Stephen Pritchard 

Home listening: a must for RVW fans, and more

Vaughan Williams’s incidental music for an abandoned production of Richard II has been recorded for the first time
  
  

Ralph Vaughan Williams.
Ralph Vaughan Williams. Photograph: Courtesy of the Ralph Vaughan Williams Charitable Trust

• Even at the height of the second world war, the BBC was commissioning new music, particularly to accompany stirring radio dramas designed to inspire the stoical people of these islands. Britten wrote for Edward Sackville-West’s The Rescue and Walton for Louis MacNeice’s Christopher Columbus, and when a major production of Shakespeare’s Richard II was planned, Ralph Vaughan Williams was commissioned to provide the incidental music. He had already produced successive film scores in the war effort – 49th Parallel, Coastal Command and The Story of a Flemish Farm – and now here was a chance to write for wartime radio. His carefully tailored score was delivered (and paid for), but the production was abandoned in 1944 and the music forgotten.

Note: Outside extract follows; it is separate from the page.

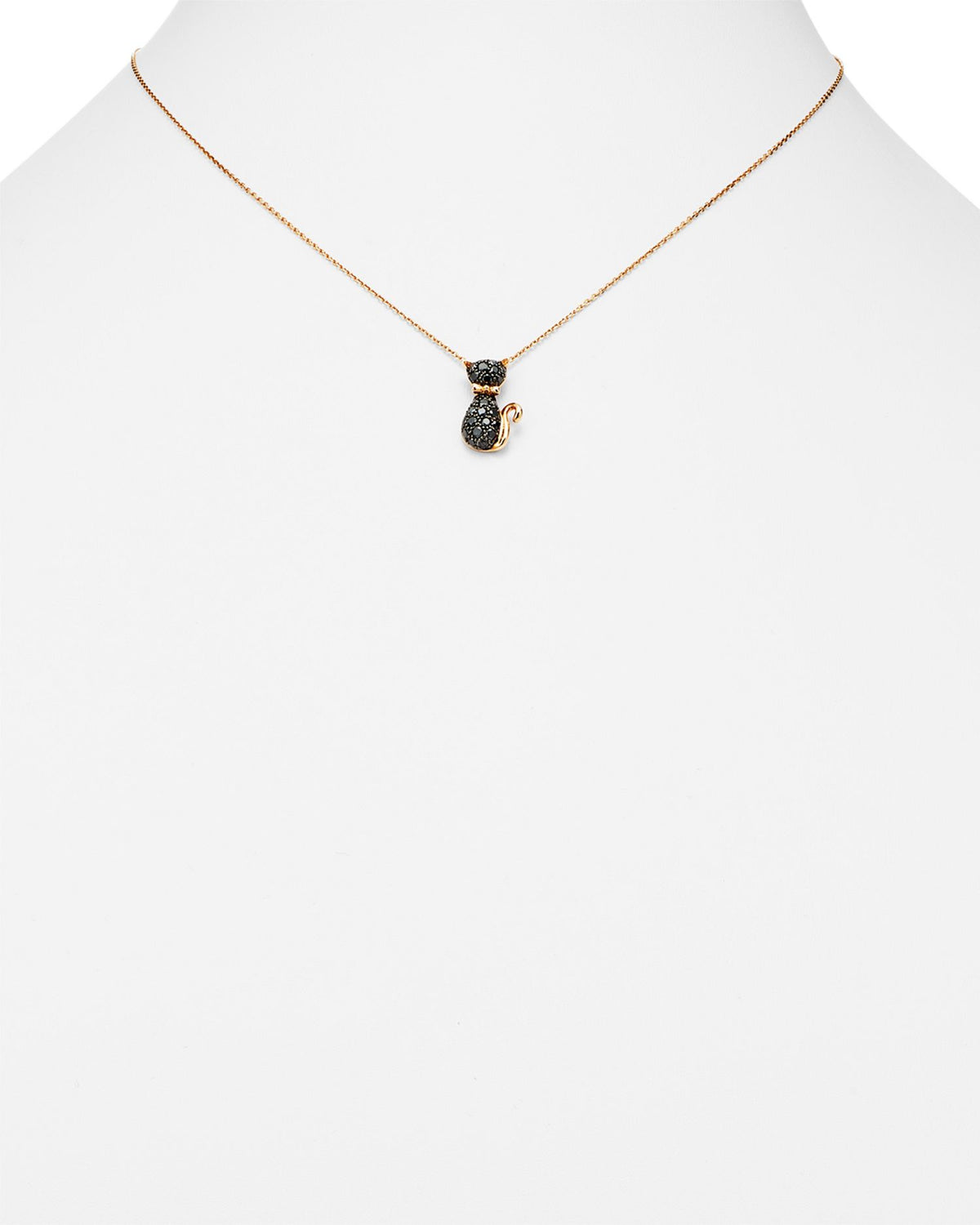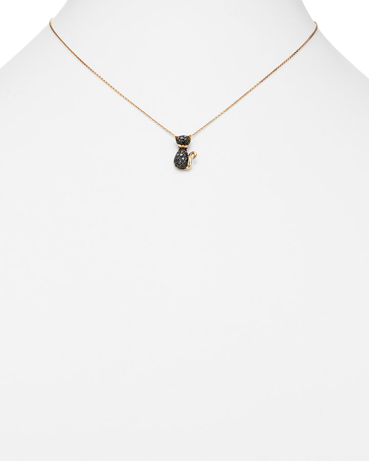 Black Diamond Cat Pendant Necklace in 14K Rose Gold, .40 ct. t.w. - Exclusive

Now we can hear it for the first time, in a recording by the Royal Scottish National Orchestra (Dutton Epoch) under Martin Yates. More than 30 radio cues are presented in sequence, some short fanfares and entrance and exit music; others longer sections illustrating action or characters. All are unmistakably RVW, and show what a meticulous craftsman he was. Cellist Nadège Rochat joins the orchestra for the Fantasia on Sussex Folk Tunes, flautist Anna Noakes for Roger Steptoe’s arrangement of the Suite de Ballet, and baritone Roderick Williams sings the evergreen Songs of Travel. A must for RVW fans.

• There’s more British music on Cobbett’s Legacy (Resonus), a recording by the classy Berkeley Ensemble of winning entries in their new Cobbett prize, a successor to the original early 20th-century award. Excitingly original new works by Barnaby Martin, Samuel Lewis and Laurence Osborn sit alongside the piece that won the original prize, William Hurlstone’s lovely Phantasie from 1907. Recommended.

• Finally, there is already a dizzying choice of Proms to choose from on BBC Sounds, but if you didn’t catch it, hear Haydn’s Creation sung by the fresh voices of the Proms Youth Choir, with Omer Meir Wellber, the BBC Philharmonic and some strong soloists, including the young mezzo Lucy Farrimond, who stepped out of the choir to join the principals in their final Amens. Such aplomb.